Kur'an-ı Kerim ve Türkçe Meali Sayfa 529
7. Gözler 'zillet ve dehşetten düşmüş olarak', sanki 'etrafa serpilen' çekirgeler gibi kabirlerinden çıkarlar.
8. Boyunlarını çağırana doğru uzatmış olarak koşarlarken, kâfirler derler ki: «Bu, zorlu bir gün.»
9. Kendilerinden önce Nuh kavmi de yalanlamıştı. Böylece kulumuz (Nuh)'u yalanladılar ve: «Delidir» dediler. O baskı altına alınıp engellenmişti.
10. Sonunda Rabbine dua etti: «Gerçekten ben, yenik düşmüş durumdayım. Artık sen intikam al.»
11. Biz de 'bardaktan boşanırcasına akan' bir su ile göğün kapılarını açtık.
12. Yeri de 'coşkun kaynaklar' halinde fışkırttık. Derken su, takdir edilmiş bir işe karşı (hükmümüzü gerçekleştirmek üzere) birleşti.
13. Ve onu da tahtalar ve çiviler(le inşa edilmiş gemi) üzerinde taşıdık;
14. Gözlerimiz önünde akıp gitmekteydi. (Kendisine ve getirdiklerine karşı) Küfredilip nankörlük edilmiş olan (Nuh)'a bir mükafat olmak üzere.
15. Andolsun, biz bunu bir ayet olarak bıraktık. Fakat öğüt alıp düşünen var mı?
16. Şu halde benim azabım ve uyarıp korkutmam nasılmış?
17. Andolsun biz Kur'an'ı zikr (ile öğüt alıp düşünmek) için kolaylaştırdık. Fakat öğüt alıp düşünen var mı?
18. Ad (kavmi) de yalanladı. Şu halde benim azabım ve uyarıp korkutmam nasılmış?
19. Biz, o uğursuz (felâket yüklü ve) sürekli bir günde üzerlerine 'kulakları patlatan bir kasırga' gönderdik.
20. İnsanları söküp atıyordu; sanki onlar, kökünden sökülüp kopmuş hurma kütükleriymiş gibi.
21. Şu halde benim azabım ve uyarıp korkutmam nasılmış?
22. Andolsun biz Kur'an'ı zikr (ile öğüt alıp düşünmek) için kolaylaştırdık. Fakat öğüt alıp düşünen var mı?
23. Semud (kavmi) de uyarıları yalanladı.
24. Dediler ki: «Bizden biri olan bir beşere mi uyacağız?
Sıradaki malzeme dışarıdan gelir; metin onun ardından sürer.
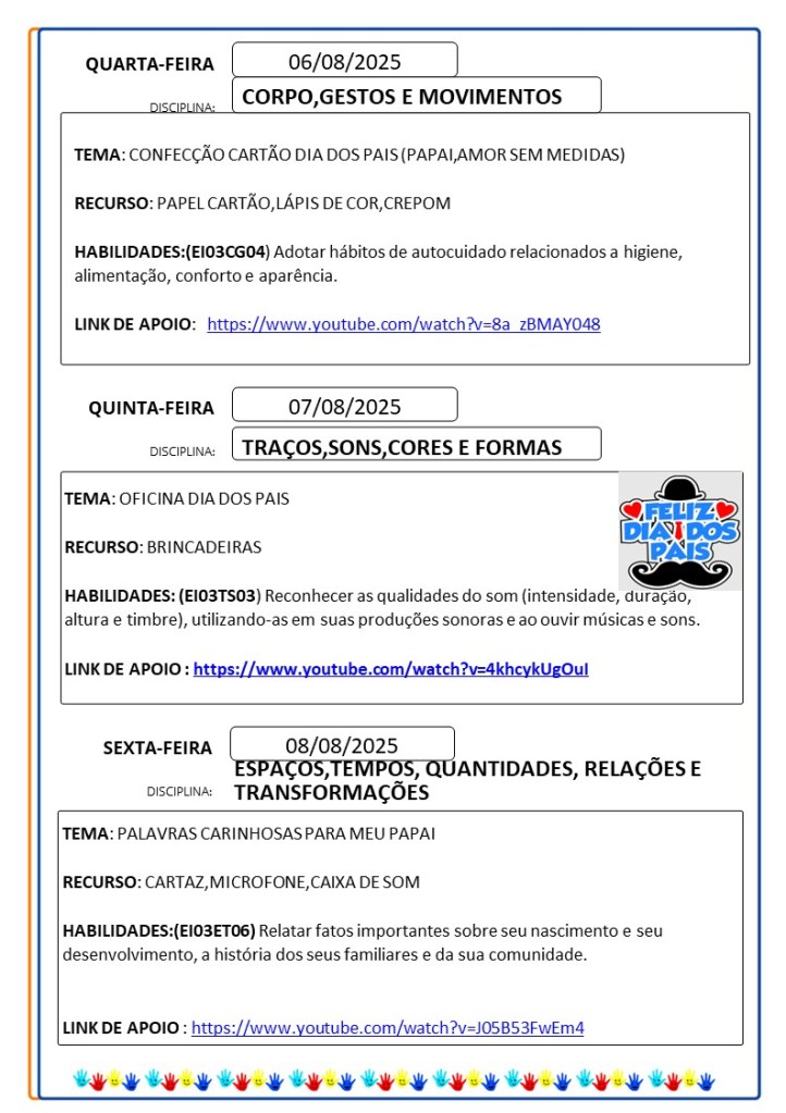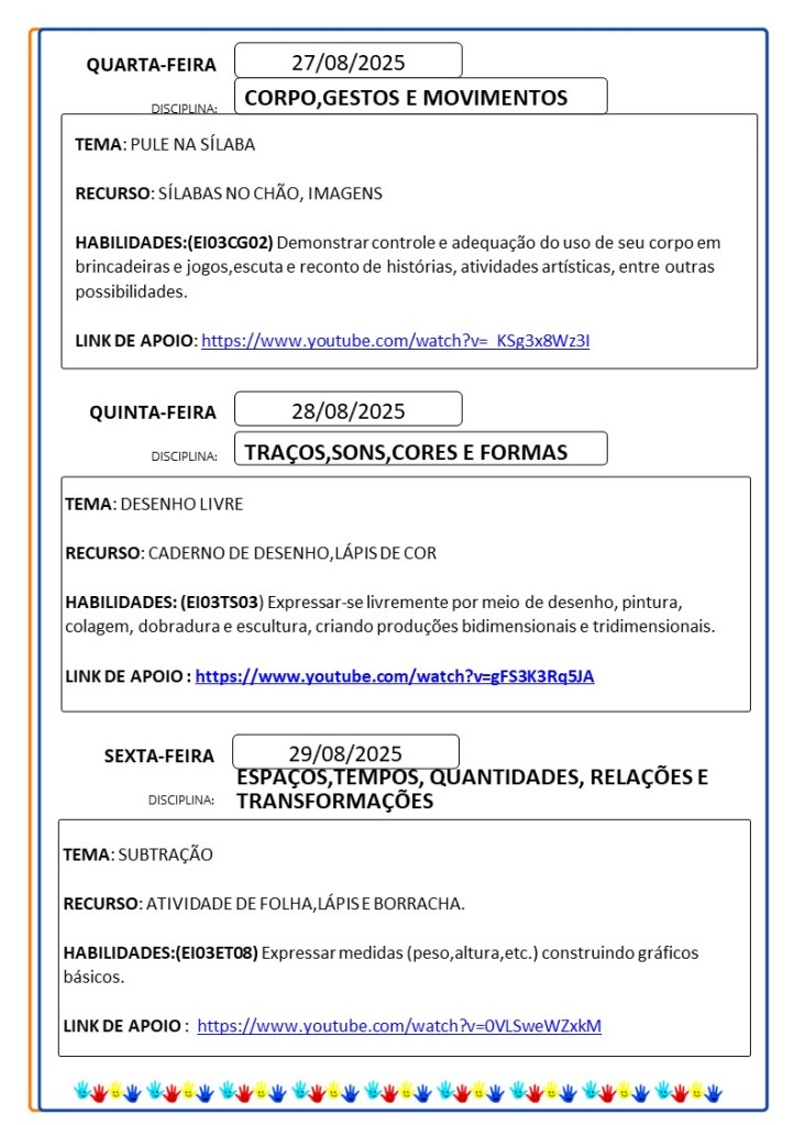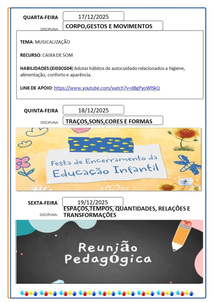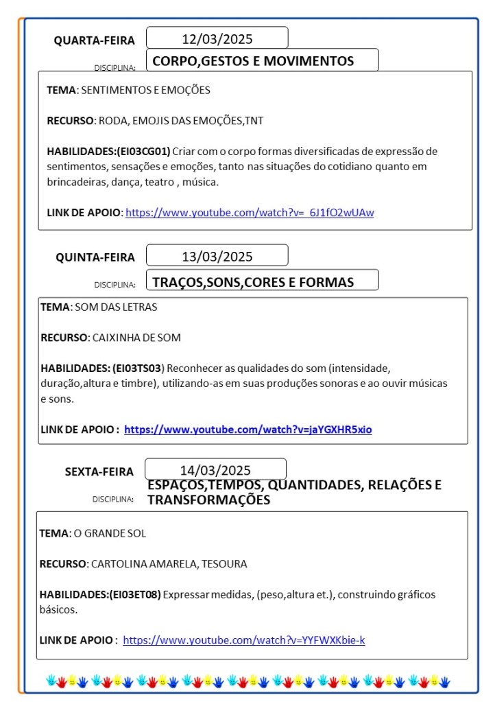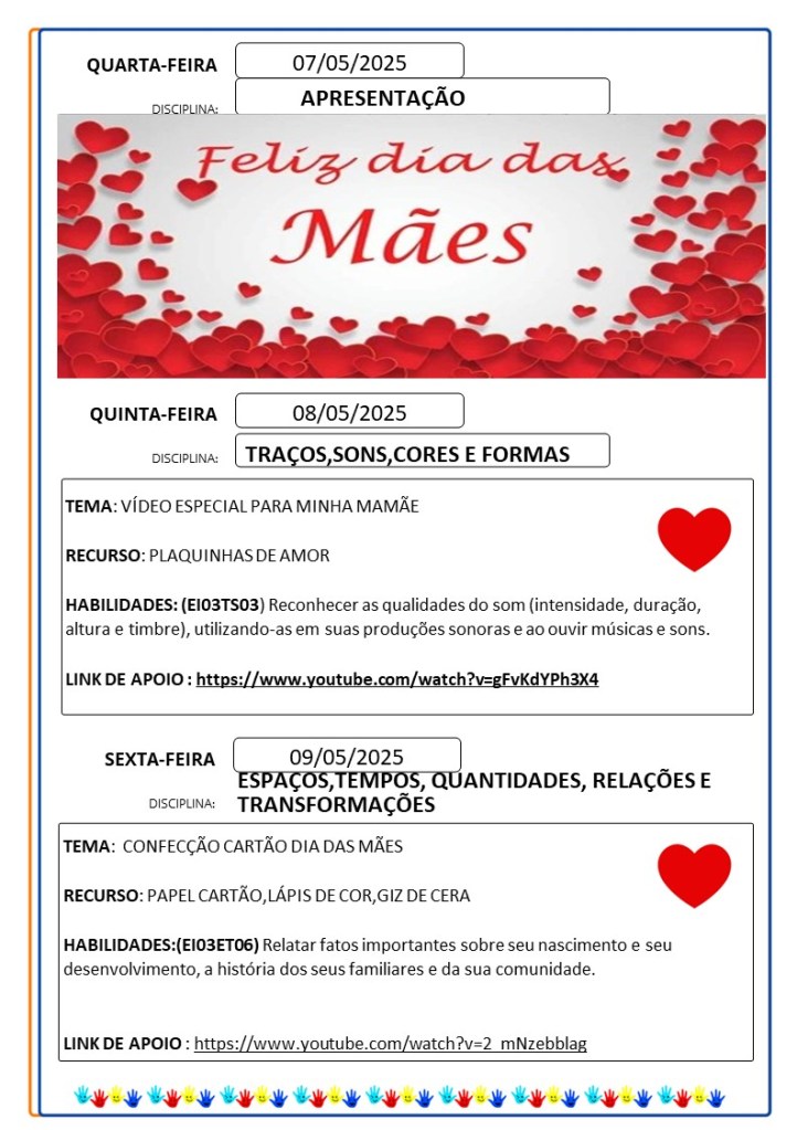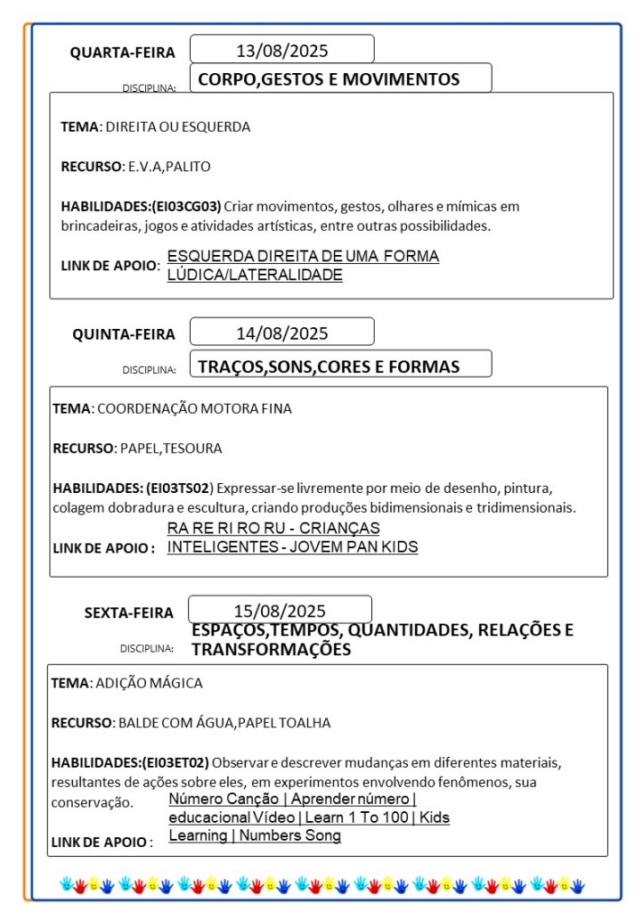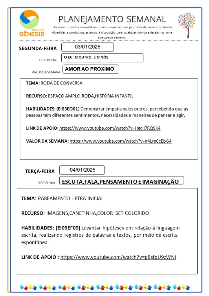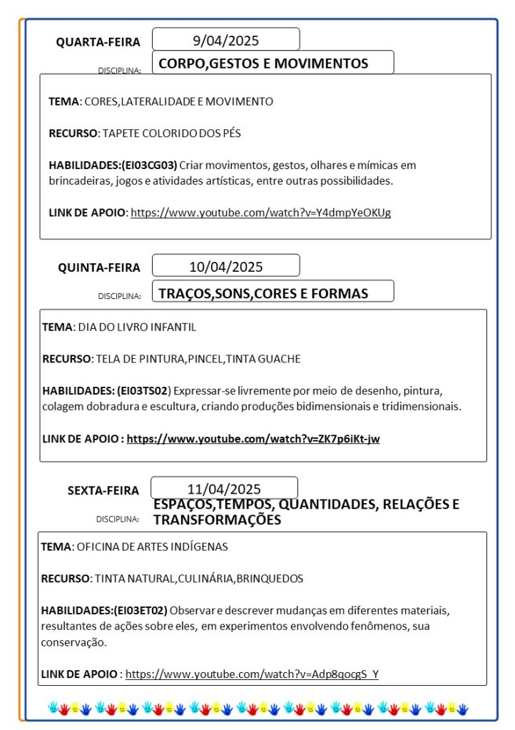 Continuamos aqui sempre juntinhos de vocês com tarefas divertidas e produtivas, estamos à disposição para qualquer dúvida e desejamos uma abençoada semana!!

Bu durumda gerçekten biz bir şaşkınlık (sapıklık) ve çılgınlık içinde kalmış oluruz.»
25. «Zikr (vahy) içimizden ona mı bırakıldı? Hayır, o, çok yalan söyleyen kendini beğenmiş bir şımarıktır.»
26. Onlar yarın, kimin çok yalan söyleyen kendini beğenmiş bir şımarık olduğunu bilip öğreneceklerdir.
27. Gerçek şu ki biz, bir fitne (imtihan ve deneme konusu) olarak o dişi deveyi kendilerine gönderenleriz. Şu halde sen onları gözleyip bekle ve sabret.